В этом плане для “диагноза” общественных настроений книга Д. Быкова предоставляет ценный материал.
Таким образом, мы можем проследить, как внутренние проблемы Д. Быкова, “отыгранные” на материале жизни Б. Пастернака и оформленные в повествование о счастливом человеке в несвободной стране, оказываются востребованными определенной частью читательской аудитории.
Это не значит, что в книге есть только это. Так, скажем, Д. Быков немало места уделяет отталкиванию Пастернака от еврейства (не без налета антисемитизма у Пастернака), но это вызвано, возможно, чисто быковским интересом к этой теме и не столь актуально для аудитории книги.
Еще один прозвучавший в полемике момент, на котором хотелось бы остановиться, — это выразительно описываемые Евг. Ивановой механизмы продвижения книги, ее пиара (интервью, премии, рецензии и т.д.). Все это, конечно, имеет место. Но это литературная реальность, так сейчас устроена литература. Об этом следует писать, соответствующие механизмы нужно анализировать, но неверно, на мой взгляд, считать, что это не имеет отношения к литературе, а подобные книги, относимые Евг. Ивановой к ведомству “Нового биографизма”, “создаются заведомо не для чтения” (№ 90, с. 336).

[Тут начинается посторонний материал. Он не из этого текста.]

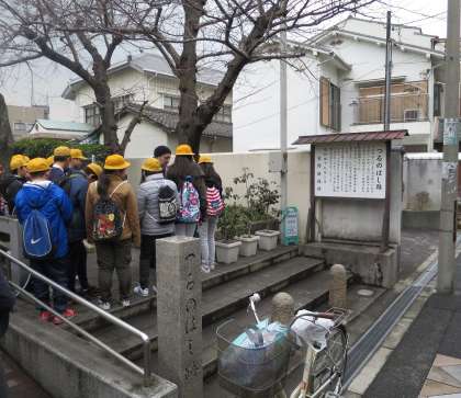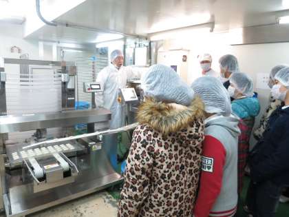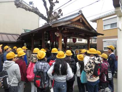 地域のフィールドワークを行いました。校区内にある史跡をめぐって説明を聞いていると、いつも何気なく通っている場所に、実はこんな歴史が・・・ということをたくさん発見できました。また、地域にあるお餅の工場を見学させていただきました。
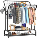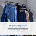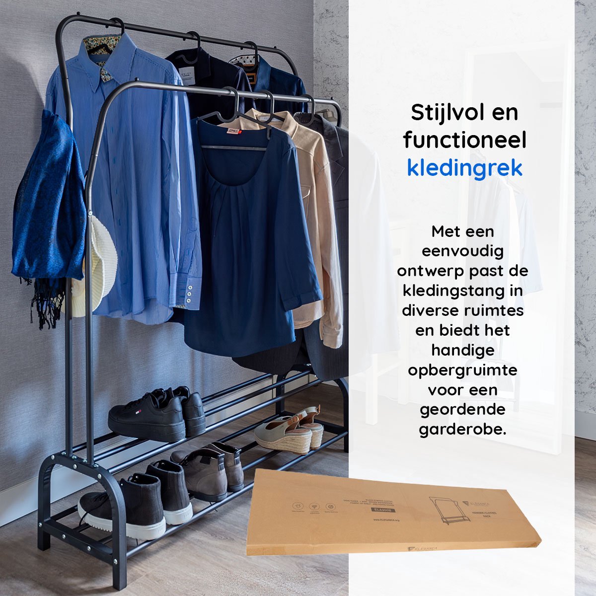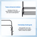 Naast het ophangen van kleding biedt het kledingrek extra opslagmogelijkheden, zoals planken voor schoenen of accessoires, waardoor het een veelzijdige oplossing is voor het organiseren van diverse kledingstukken en items.
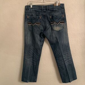 Cotton men’s jeans Decorative back pockets Size: 34/30 Color: light wash Great condition Please see photos for details and measurements
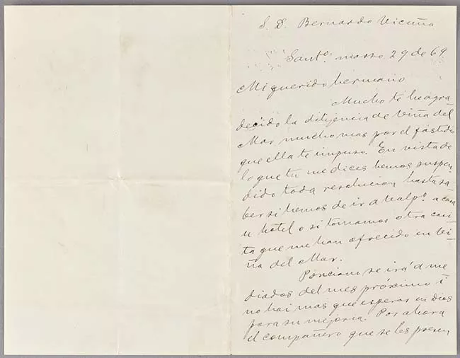 Carta de Benjamín Vicuña Mackenna a Bernardo Vicuña
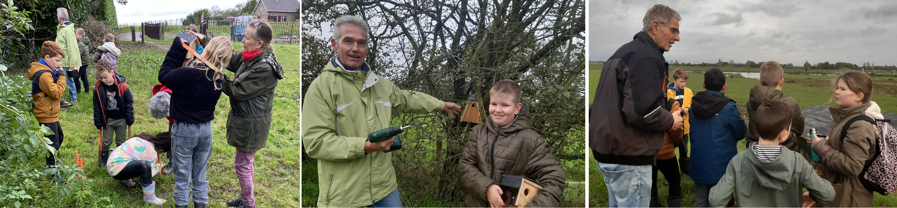 Deze ochtend hebben we nestkastjes opgehangen. Verder komen er grote insectenhotels. We hebben hiervoor geleerd over windrichtingen en leren werken met een kompas. Want de opening van de nestkastjes moet richting noordoost. Zo komt minder regen binnen en worden ze niet te warm. De insectenhotels moeten juist met de voorkant in de zon, dus richting het zuiden omdat de insecten van warmte houden. Voor de aannemer hebben we de piketpaaltjes vast geplaatst.
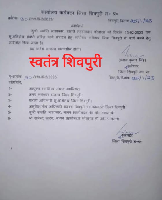 शिवपुरी। आज स्वतंत्र शिवपुरी की खबर का फिर बड़ा असर हुआ है। बीते रोज कोलारस तहसीलदार ज्योति लक्षकार द्वारा शोसल साइड पर एक पोस्ट डालने के बाद मचे बबाल के बाद आज कलेक्टर ने ज्योति लक्षकार को हटा दिया है। उन्हें कोलारस से हटाकर कलेक्टर कार्यालय में अटैच किया गया है।

Элементы подобного пиара можно найти и в XIX в. (Булгарин, Пушкин, Сенковский), и в ХХ в. (Маяковский, Горький, Амфитеатров). Сейчас он принимает системный характер (подключилось телевидение, во многом задающее структуру литературной иерархии), и в принципе пиар может привлечь внимание к литератору, но, в конечном счете, если публика не примет писателя, вскоре его рейтинг пойдет вниз.
Конечно, если считать книгу проходящей по ведомству литературоведения (как это делает Евг. Иванова), подобный пиар может раздражать. Иванова пробует приложить к книге Быкова чисто профессиональные литературоведческие стандарты, а Быков охотно принимает подобный подход и отвечает так, как если бы писал научную монографию. Но стоит сменить оптику, отнестись к подобной биографии как к литературному произведению, лишь имитирующему цитатами и редкими ссылками документальность, а на самом деле претендующему не на соответствие “реальности”, а на интересность сюжета и соответствие ценностным ожиданиям аудитории, то оценка этого текста станет иной, не “научной”, а “литературной”.
__________________________________________________
1) См.: Быков Д. Борис Пастернак. 5-е изд. М., 2007. С. 15. (Далее ссылки на эту книгу даются в тексте.)
2) См. подробнее в наших работах: Биографируемый и его биограф (К постановке проблемы) // Право на имя: Биографии XX века. СПб., 2004. С. 53—62; Нравственные мотивации биографа // Право на имя: Биография как парадигма исторического процесса. СПб., 2005. С. 3—8; Что не попадает в биографию? // Право на имя: Биография 20 века. СПб., 2008. С. 3—11.